Светлый фон
Grand-mère

Я испытала жуткое чувство, поглощая ее: такое же чувство, как если бы мне пришлось съесть ее за столом, орудуя ножом и вилкой. Сотни переплетающихся конечностей бились и корчились, пока я втягивала ее, она кричала, молила и отбивалась. Проглатывая тела всех этих существ, я почувствовала, как пропасть в ее сердцевине начинает тянуть меня. Но это была ерунда, сказала я себе, лишь пустота, ничто. Пустое место внутри ничего, предназначенное для ничего.

Мое ничто поглотило ее ничто, и потом все закончилось. Я почувствовала себя тяжелой и огромной, меня прямо-таки раздувало от чужеродных существ. У меня мелькнула мысль: а что, если она именно к этому меня и подталкивала? Что, если она хотела, чтобы так случилось?

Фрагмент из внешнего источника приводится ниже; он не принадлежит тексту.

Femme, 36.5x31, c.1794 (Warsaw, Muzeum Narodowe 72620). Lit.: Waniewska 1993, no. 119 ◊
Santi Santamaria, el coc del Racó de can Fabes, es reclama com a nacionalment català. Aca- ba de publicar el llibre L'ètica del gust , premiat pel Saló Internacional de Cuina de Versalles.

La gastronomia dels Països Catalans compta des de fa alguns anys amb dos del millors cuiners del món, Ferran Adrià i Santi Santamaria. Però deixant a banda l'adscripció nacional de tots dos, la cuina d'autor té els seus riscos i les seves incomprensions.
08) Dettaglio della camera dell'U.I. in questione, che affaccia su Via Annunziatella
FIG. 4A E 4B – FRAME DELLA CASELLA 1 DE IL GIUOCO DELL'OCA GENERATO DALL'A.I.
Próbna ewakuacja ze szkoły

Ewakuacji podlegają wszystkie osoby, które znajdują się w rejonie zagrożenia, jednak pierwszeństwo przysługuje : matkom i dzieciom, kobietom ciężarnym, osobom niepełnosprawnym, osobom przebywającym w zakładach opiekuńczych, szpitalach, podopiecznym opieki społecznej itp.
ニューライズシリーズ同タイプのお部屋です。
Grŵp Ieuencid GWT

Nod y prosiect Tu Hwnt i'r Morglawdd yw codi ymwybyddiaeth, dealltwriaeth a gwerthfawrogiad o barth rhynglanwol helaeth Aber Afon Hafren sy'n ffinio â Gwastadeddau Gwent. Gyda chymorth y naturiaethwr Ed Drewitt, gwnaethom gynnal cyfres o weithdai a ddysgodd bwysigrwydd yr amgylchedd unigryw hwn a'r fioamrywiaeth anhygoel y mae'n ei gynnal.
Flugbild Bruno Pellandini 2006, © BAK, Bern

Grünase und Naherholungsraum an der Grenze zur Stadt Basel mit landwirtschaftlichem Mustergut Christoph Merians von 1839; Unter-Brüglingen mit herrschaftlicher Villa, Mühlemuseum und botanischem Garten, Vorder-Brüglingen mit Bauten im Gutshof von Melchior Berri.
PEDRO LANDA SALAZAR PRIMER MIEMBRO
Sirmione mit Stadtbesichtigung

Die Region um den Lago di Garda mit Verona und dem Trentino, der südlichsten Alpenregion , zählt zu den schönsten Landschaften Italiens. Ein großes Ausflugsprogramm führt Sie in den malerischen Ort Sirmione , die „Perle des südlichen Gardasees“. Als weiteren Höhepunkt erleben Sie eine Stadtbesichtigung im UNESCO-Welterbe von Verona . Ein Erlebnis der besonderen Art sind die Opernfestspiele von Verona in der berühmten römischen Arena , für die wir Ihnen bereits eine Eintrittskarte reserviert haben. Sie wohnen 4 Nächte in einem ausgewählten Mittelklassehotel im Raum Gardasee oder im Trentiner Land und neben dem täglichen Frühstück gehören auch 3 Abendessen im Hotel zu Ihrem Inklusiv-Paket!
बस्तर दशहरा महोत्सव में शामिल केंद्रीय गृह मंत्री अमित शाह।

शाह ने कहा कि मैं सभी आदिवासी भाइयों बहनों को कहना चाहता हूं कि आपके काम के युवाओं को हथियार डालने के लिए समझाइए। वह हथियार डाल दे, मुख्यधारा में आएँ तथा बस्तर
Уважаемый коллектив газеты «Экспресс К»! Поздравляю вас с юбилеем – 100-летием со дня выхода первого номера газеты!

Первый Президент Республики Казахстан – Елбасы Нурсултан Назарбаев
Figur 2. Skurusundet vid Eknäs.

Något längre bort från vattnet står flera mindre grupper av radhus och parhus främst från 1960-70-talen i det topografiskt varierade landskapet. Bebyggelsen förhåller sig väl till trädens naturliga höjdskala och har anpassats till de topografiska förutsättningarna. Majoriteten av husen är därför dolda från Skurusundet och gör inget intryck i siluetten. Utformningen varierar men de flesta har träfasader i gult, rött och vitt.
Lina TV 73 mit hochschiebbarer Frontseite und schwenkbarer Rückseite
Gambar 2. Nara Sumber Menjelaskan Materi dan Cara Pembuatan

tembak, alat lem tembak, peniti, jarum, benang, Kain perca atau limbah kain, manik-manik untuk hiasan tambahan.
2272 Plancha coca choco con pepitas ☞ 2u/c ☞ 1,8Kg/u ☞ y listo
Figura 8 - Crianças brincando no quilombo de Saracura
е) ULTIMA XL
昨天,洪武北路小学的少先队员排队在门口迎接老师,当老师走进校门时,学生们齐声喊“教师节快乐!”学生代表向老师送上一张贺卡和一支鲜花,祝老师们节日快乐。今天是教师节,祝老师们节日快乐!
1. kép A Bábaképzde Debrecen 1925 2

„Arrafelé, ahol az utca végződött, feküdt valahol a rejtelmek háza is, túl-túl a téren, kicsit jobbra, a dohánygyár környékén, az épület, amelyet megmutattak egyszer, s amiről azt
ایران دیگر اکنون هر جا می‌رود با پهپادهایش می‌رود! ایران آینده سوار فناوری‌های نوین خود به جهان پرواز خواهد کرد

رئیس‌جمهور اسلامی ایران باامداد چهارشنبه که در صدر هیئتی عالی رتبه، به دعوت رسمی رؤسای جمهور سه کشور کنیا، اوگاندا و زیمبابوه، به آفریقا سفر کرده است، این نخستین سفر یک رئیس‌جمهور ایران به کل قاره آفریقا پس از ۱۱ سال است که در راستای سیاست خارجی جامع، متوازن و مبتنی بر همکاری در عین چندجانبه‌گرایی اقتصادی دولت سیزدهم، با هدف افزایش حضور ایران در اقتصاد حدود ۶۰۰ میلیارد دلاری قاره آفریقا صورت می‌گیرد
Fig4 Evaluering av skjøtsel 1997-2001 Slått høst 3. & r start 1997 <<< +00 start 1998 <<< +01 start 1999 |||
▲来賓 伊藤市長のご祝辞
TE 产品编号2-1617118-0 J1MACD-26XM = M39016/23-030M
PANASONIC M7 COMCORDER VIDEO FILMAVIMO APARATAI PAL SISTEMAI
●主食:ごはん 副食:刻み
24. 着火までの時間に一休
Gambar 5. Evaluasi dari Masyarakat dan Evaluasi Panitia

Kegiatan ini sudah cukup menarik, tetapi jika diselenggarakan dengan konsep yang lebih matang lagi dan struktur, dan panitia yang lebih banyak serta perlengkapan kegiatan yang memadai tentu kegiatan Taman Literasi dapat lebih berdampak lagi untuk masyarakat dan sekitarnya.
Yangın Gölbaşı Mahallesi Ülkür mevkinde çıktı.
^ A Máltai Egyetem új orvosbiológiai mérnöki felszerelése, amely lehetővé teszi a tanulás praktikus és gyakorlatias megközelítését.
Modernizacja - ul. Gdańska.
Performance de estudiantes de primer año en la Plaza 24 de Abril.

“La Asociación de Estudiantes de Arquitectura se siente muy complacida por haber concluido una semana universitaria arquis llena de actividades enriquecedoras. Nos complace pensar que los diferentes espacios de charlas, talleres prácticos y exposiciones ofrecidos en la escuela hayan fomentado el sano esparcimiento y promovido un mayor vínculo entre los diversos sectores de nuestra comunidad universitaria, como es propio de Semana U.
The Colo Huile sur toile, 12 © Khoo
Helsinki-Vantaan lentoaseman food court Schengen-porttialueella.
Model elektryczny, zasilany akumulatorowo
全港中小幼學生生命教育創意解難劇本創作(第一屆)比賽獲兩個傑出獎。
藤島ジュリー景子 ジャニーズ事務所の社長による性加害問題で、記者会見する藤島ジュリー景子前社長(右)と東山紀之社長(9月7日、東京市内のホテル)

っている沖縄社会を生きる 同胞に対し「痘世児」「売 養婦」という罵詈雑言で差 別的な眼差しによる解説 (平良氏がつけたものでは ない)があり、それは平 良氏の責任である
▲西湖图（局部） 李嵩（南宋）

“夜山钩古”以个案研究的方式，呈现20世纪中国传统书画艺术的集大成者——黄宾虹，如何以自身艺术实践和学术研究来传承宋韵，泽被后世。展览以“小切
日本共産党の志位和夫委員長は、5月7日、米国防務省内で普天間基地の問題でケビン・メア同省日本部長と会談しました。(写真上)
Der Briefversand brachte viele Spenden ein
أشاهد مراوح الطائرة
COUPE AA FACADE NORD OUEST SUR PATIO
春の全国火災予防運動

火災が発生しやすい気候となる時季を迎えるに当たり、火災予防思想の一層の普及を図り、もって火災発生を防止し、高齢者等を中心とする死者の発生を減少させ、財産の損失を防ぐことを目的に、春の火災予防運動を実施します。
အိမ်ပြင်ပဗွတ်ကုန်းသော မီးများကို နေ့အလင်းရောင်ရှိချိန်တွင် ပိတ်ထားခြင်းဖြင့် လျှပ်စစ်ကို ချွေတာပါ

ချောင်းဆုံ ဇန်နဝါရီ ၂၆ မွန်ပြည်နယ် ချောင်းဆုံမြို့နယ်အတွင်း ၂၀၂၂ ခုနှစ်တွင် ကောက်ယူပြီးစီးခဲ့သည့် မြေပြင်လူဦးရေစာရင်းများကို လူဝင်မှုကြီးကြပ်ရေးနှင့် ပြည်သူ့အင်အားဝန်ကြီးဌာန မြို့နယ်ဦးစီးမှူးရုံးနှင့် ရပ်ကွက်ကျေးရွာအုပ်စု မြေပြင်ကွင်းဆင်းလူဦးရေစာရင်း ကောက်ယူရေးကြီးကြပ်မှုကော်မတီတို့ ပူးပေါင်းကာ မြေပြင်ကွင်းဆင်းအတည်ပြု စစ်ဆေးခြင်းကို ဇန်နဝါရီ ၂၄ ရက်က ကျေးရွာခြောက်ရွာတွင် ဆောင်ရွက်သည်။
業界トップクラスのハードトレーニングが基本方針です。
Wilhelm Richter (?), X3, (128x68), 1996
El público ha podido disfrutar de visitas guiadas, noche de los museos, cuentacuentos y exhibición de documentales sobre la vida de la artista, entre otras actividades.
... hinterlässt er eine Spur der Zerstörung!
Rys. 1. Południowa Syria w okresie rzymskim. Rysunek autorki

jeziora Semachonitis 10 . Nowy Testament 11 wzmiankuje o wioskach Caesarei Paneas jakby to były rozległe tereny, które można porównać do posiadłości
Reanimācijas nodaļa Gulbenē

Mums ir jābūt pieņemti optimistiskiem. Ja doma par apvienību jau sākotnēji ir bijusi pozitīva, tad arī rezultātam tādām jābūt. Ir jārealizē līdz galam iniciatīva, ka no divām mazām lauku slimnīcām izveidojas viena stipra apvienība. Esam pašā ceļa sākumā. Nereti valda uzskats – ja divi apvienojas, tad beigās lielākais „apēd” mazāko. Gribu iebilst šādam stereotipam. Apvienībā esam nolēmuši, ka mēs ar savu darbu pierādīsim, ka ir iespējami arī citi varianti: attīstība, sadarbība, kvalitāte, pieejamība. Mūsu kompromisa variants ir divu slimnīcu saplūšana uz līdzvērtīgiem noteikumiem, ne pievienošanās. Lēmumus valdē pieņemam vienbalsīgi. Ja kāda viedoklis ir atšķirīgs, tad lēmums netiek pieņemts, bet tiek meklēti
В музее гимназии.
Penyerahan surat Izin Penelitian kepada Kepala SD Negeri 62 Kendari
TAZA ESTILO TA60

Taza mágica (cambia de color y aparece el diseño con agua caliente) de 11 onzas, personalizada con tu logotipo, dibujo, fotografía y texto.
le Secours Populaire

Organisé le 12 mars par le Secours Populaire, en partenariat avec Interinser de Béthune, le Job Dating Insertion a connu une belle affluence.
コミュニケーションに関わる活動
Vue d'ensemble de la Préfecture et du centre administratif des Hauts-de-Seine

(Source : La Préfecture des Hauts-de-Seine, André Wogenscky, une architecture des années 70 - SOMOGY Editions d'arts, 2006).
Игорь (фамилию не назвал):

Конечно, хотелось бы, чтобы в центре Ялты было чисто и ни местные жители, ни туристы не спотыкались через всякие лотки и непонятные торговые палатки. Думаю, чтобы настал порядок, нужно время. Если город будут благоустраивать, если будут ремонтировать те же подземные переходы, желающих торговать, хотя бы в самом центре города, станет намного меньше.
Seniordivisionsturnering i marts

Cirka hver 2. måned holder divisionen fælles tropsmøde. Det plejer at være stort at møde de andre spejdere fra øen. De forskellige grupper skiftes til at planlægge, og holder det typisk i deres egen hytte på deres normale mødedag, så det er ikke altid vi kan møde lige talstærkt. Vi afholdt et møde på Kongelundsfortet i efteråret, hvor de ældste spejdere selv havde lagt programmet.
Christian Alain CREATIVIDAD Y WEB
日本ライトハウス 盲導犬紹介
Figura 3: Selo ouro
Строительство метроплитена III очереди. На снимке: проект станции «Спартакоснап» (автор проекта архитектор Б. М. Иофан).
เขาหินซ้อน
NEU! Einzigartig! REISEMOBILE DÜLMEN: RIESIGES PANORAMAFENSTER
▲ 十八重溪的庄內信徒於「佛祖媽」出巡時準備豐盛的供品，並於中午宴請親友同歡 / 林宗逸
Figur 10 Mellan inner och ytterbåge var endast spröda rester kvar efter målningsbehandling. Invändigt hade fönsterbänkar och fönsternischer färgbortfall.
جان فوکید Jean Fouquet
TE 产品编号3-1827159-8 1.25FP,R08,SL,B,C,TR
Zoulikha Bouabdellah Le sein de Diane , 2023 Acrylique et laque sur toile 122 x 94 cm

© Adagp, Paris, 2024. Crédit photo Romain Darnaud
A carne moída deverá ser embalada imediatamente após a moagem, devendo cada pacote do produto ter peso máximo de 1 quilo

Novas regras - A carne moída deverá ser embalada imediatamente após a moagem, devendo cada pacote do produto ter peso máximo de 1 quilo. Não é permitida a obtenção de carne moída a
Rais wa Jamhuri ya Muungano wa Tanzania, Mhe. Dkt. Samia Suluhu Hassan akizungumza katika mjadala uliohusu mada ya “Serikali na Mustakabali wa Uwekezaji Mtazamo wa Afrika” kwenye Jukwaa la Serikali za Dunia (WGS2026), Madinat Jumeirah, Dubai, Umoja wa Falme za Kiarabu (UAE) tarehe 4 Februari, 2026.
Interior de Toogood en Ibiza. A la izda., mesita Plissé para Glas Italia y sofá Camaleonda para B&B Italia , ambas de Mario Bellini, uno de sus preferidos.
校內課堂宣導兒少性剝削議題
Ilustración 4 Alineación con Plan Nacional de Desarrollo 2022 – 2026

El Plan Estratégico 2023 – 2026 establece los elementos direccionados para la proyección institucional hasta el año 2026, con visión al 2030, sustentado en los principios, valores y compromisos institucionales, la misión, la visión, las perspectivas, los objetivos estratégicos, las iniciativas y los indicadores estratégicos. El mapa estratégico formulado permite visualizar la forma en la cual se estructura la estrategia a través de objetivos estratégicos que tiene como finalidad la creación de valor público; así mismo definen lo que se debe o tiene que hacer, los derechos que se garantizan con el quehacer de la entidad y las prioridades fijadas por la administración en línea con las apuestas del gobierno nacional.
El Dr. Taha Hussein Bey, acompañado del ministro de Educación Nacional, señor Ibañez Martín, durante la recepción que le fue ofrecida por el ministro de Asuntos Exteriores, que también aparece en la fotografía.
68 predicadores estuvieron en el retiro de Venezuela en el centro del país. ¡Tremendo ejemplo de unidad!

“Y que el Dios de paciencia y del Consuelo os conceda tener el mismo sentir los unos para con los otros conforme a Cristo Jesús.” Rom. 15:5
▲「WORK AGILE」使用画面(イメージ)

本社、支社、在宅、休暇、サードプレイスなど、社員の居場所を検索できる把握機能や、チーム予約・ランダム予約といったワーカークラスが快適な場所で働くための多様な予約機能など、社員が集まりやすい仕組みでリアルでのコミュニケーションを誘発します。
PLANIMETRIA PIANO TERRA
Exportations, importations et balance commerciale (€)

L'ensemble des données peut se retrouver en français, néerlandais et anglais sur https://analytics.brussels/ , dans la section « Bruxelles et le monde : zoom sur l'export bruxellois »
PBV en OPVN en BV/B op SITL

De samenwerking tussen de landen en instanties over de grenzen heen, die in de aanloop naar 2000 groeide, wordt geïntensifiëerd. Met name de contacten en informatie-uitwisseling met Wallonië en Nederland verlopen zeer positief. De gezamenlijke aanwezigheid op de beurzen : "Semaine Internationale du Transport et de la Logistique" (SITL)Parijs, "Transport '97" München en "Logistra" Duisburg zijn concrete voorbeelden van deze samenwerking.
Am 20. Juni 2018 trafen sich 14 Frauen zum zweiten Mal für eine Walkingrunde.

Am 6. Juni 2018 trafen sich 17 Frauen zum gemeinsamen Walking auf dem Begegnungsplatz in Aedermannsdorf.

А потом я потеряла сознание.

* * *

Открыв глаза, я увидела, что дом охвачен огнем.

Люди из Уинтерпорта бегали туда-сюда. Они топтались вокруг, разбрасывали вещи просто ради развлечения. Хрустальную вазу швырнули на пол, и та рассыпалась на тысячи осколков, а мятные конфеты покатились во все стороны. Лестница еще полыхала, а народ поджигал столовую и гостиную. Кто-то пробегал мимо меня и исчезал в ночи, унося красивые вещи. Украли наш серебряный кофейный сервиз, стулья из столовой и все картины, кроме тех, на которых были изображены члены нашей семьи. Семейные же портреты горели в отдельном костре всего в нескольких футах от меня.

Я попыталась отползти, и тут увидела сверкающие ботинки отца Томаса. Я затихла и притворилась мертвой. Он торопливо совершил обряд соборования, а потом между нами упал пылающий кусок древесины с лестницы, и священник, отскочив, выбежал на улицу.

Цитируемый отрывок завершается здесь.